Dear Prof. Sanke,

thank you very much for your great contributions to image processing with LiveCode and for sharing your work with us. Your e-mail, reviewing some of the history of image processing with LiveCode is fascinating and your stacks are extremely interesting. I can only recommend anyone exploring image processing to have a look at the stacks and test their capabilities.


Mit Freundlichen Gruessen,

Hanson Schmidt-Cornelius
LiveCode Team


On 26/04/2011 21:37, Wilhelm Sanke wrote:
First there is a minor confusion about numbers: The subject of the post I received reads "[109] Summer Academy; Flying to San Jose", when I open it I see "revUp issue 108". Be that as it may, what I want to comment on is the article "Vision: Blur" by Hanson Schmidt-Cornelius in that newsletter.
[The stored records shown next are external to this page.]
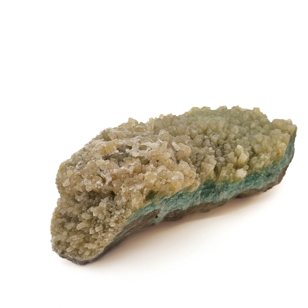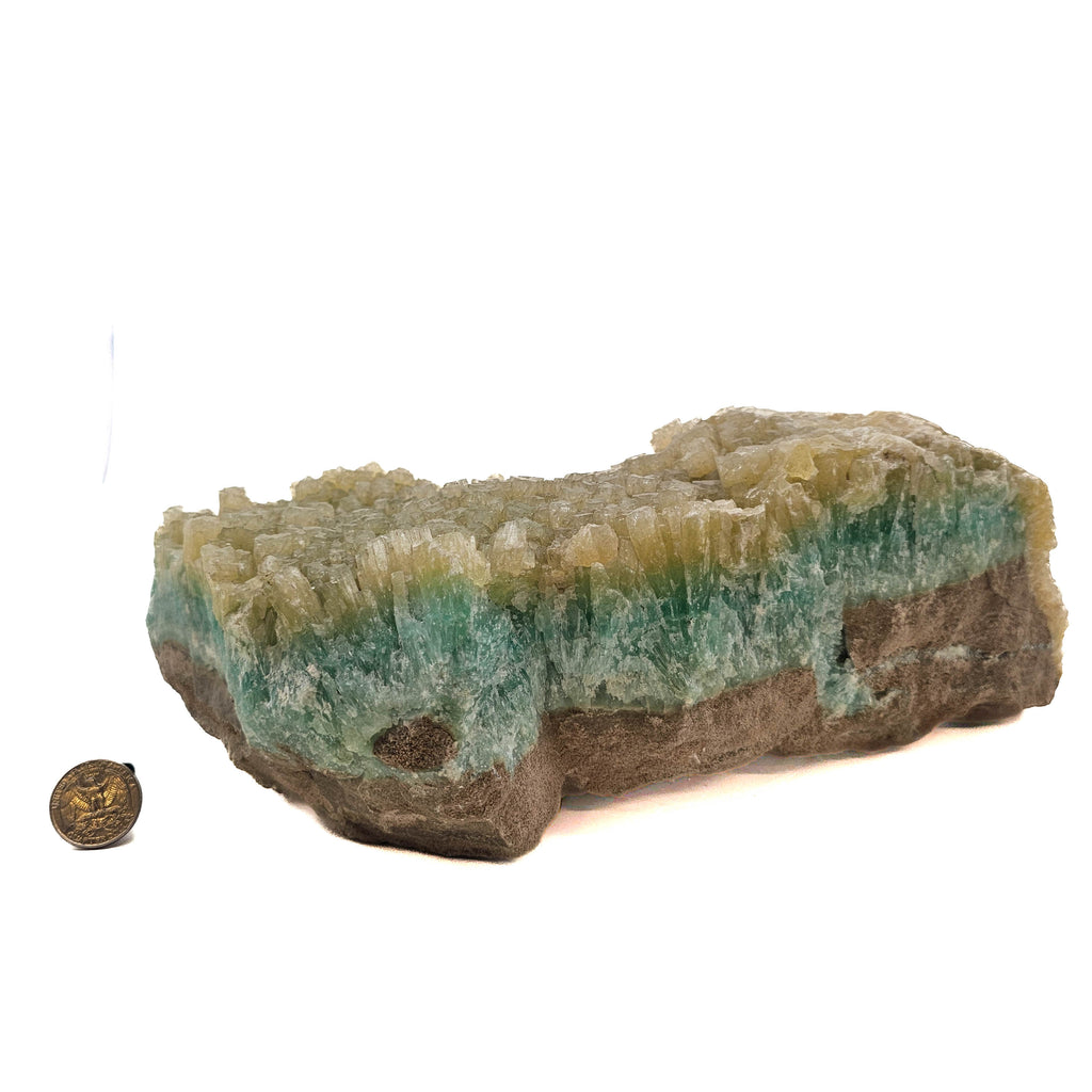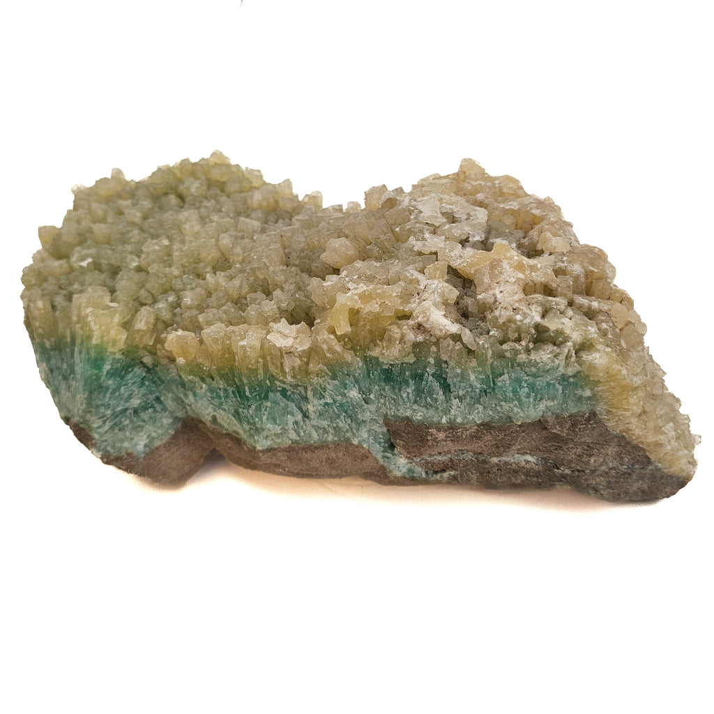 Description: This piece has a more layered look compared to the round, bubbly ones. You’ve got a solid band of blue-green aragonite running through the middle, with tight, needle-like crystals shooting upward and outward. On top of that, there’s a second generation of thicker, blockier crystals in a pale yellow to tan color. It gives the whole thing a stacked look—like one phase grew, then conditions changed and something else started forming right on top. The base is still that rough brown matrix, which helps show how it all built up in place rather than being broken and reattached.
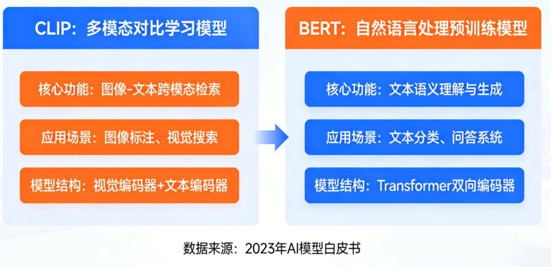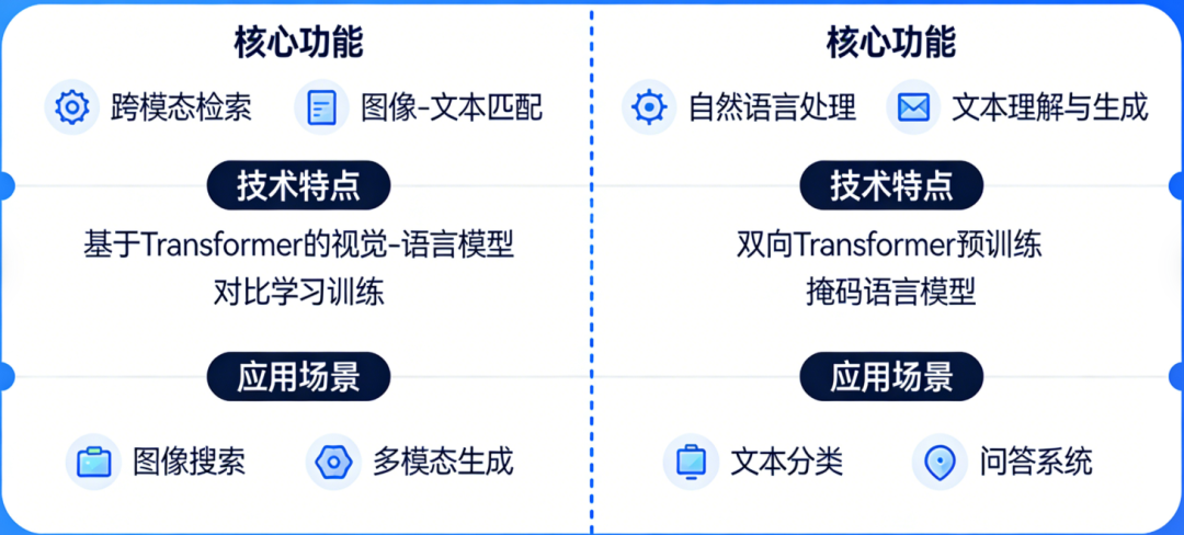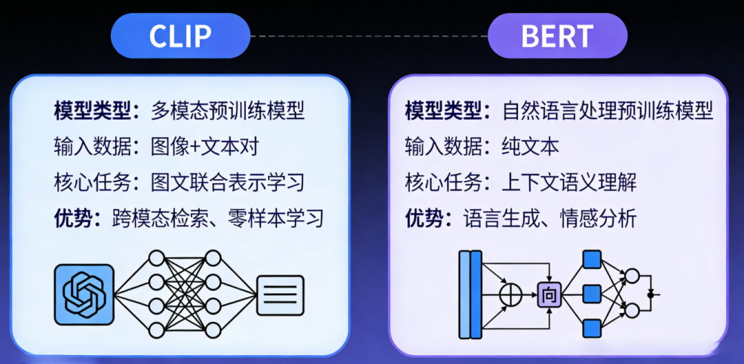 输出用途 | 文本分类、问答、序列标注等NLP任务 | 图文检索、零样本分类、多模态应用 |
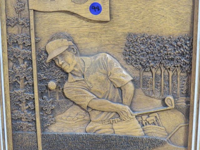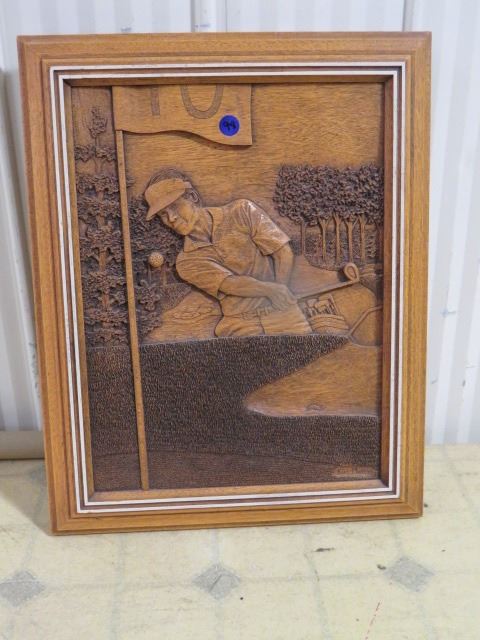 CARVED WOODEN GOLF PICTURE, KIM MURRAY 19.5X15.5
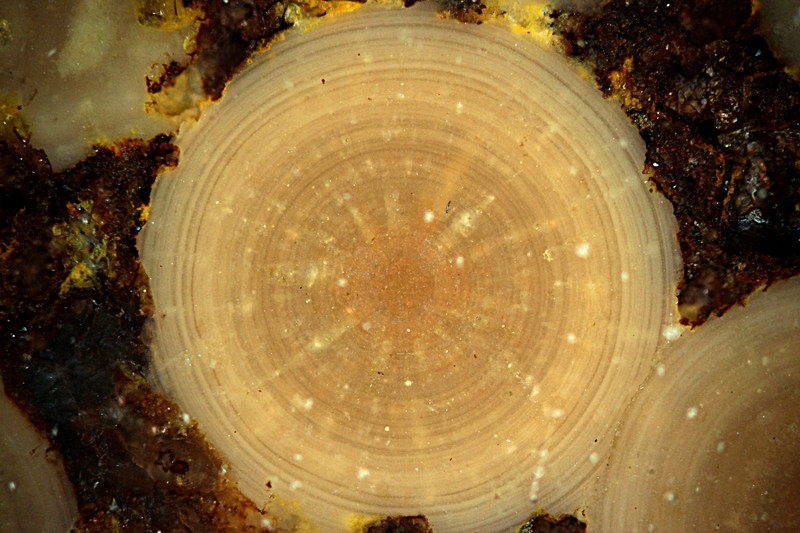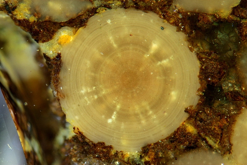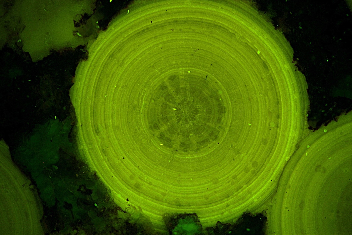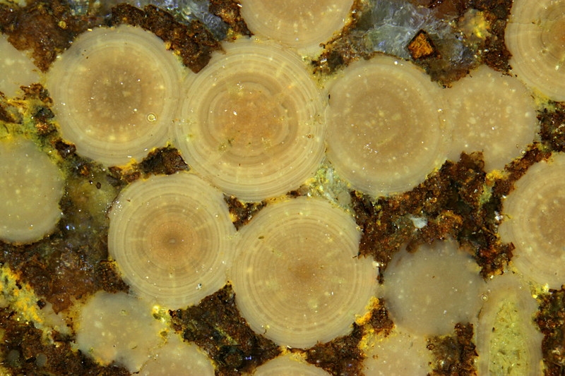 im Beitrag Ooide/Pisoide hat Dünnschliffbohrer Bilder eines Anschliffs einer Probe gezeigt. Ich habe von ihm noch eine walnussgroße Probe erhalten. Vielen Dank dafür! Ich wollte Auflichtfluoreszenz daran versuchen.
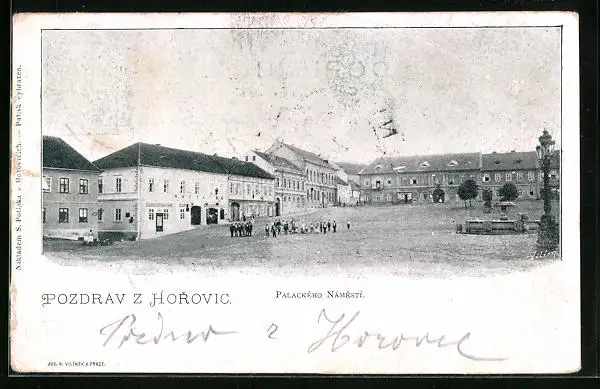 AK Horovice, Palackeho Namesti, Passanten am Brunnen
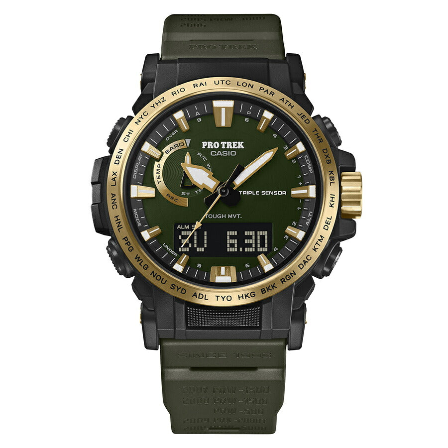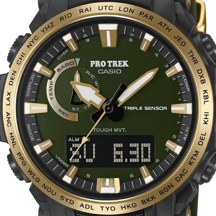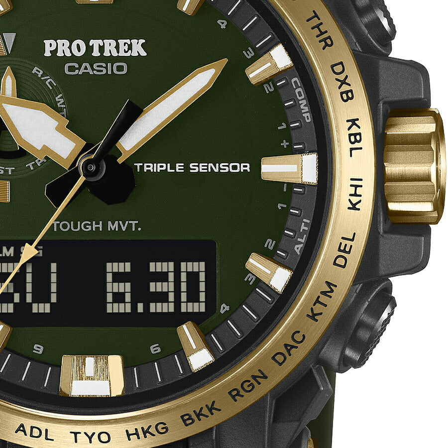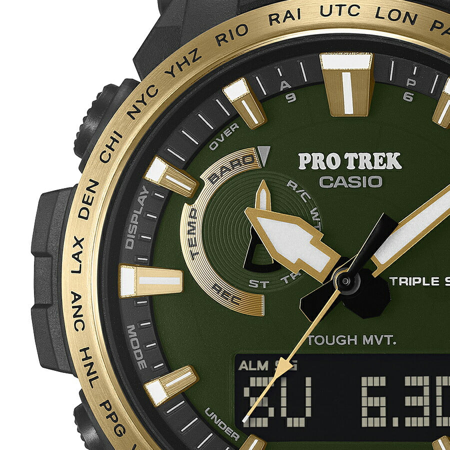 PRO TREK史上初の文字板蒸着を採用したアナログ・デジタルコンビネーションモデル。世界6局の電波を受信するマルチバンド6機能で、常に正確な時刻を表示します。
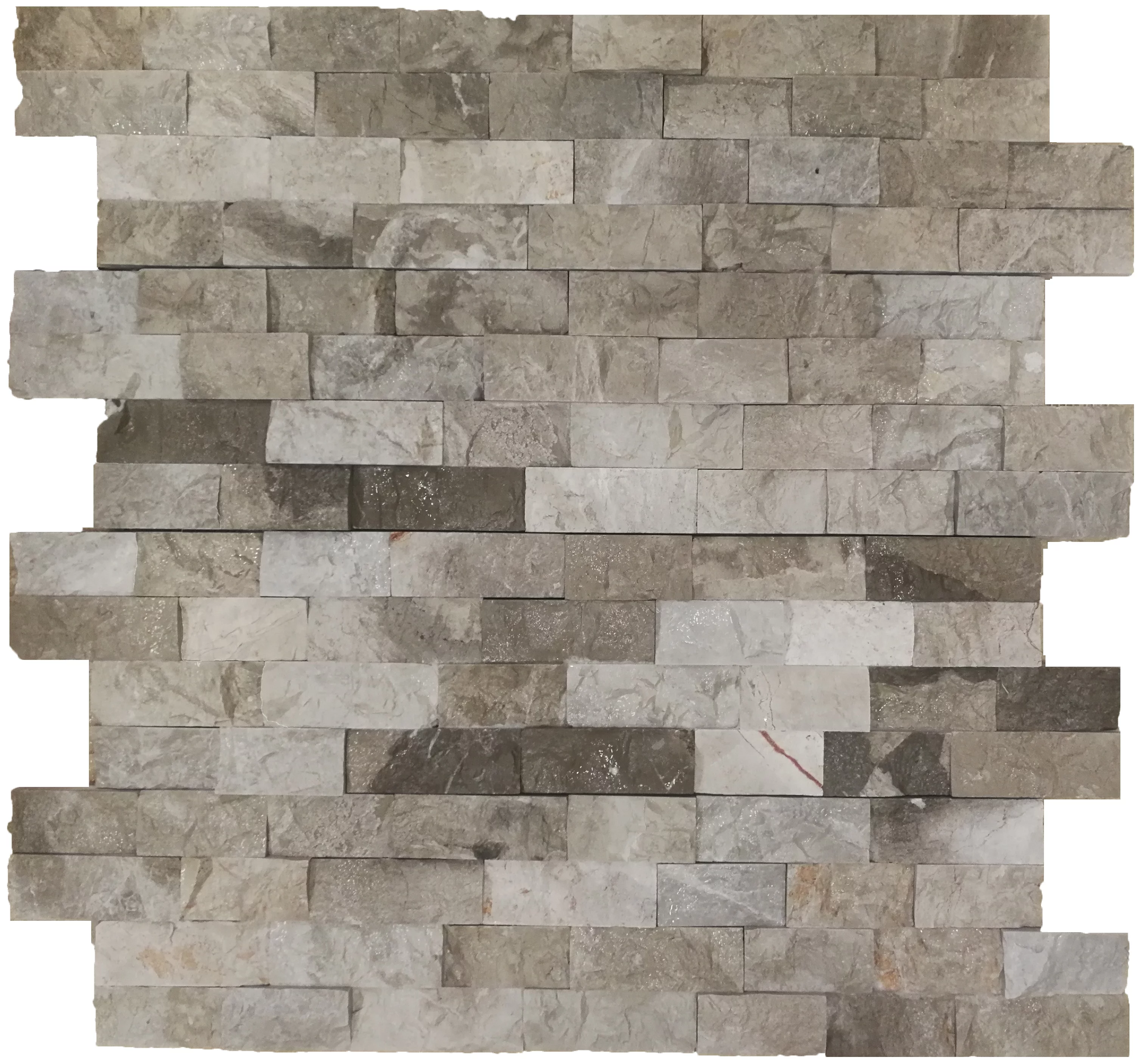PANEL MARMURA NOVO GREY - 15.2X61 cm, grosime variabila 1.5-1.8 cm, plăci naturale cu finisaj splitface, montate pe plasă, ideale pentru decorarea pereților interiori și exteriori, în tonuri elegante de gri.
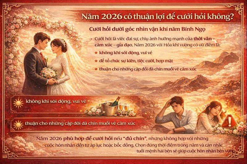 Cưới hỏi là việc đại sự, chịu ảnh hưởng mạnh của thời vận – cảm xúc – gia đạo. Năm 2026 với Hỏa khí vượng có ưu điểm là:

Hanson presents a series of scripts that are related to each other to achieve a "blur filter" effect using sort of a 3x3-convolve matrix. I want to add some information and discuss the issue in a somewhat broader context. As Hanson did not himself supply a sample stack, I produced one that contains his scripts along with a number of alternative "blur" scripts and apart from that added some other filters which might be interesting for Livecode users that intend to look at image processing.

You can get the stack here: <http://www.sanke.org/Software/BlurredVision.zip>.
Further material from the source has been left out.